§ **Task description**: What is needed is the exact text of each line in the listing below from the one with "中国证券投资基金业协会近日向" up to and including the one with "桔子,金钱蜜橘,柑橘类水果,带叶子的桔子", and no pictures.

=== Records to process ===

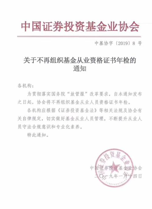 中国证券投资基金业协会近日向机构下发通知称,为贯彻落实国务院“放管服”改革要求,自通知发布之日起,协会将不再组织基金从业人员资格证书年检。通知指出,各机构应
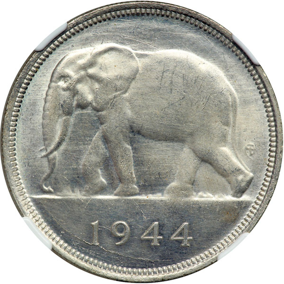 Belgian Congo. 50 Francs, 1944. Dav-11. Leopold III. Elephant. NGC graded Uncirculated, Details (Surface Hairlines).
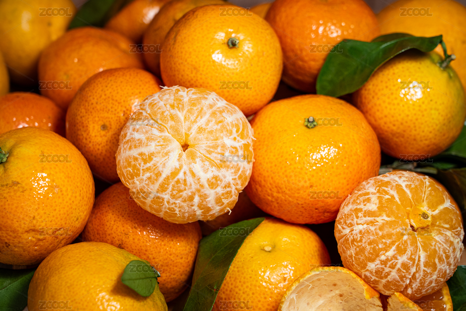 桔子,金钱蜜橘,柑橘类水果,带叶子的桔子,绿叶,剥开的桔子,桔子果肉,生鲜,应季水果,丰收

===
=== Records to process ===

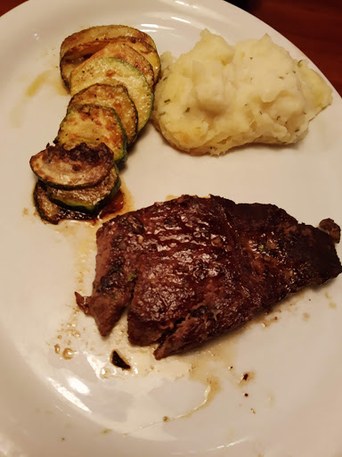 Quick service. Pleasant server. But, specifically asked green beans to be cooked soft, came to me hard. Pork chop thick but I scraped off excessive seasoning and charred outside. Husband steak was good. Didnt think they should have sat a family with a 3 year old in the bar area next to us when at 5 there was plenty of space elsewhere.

===

§ **Final answer**:
 中国证券投资基金业协会近日向机构下发通知称,为贯彻落实国务院“放管服”改革要求,自通知发布之日起,协会将不再组织基金从业人员资格证书年检。通知指出,各机构应
 Belgian Congo. 50 Francs, 1944. Dav-11. Leopold III. Elephant. NGC graded Uncirculated, Details (Surface Hairlines).
 桔子,金钱蜜橘,柑橘类水果,带叶子的桔子,绿叶,剥开的桔子,桔子果肉,生鲜,应季水果,丰收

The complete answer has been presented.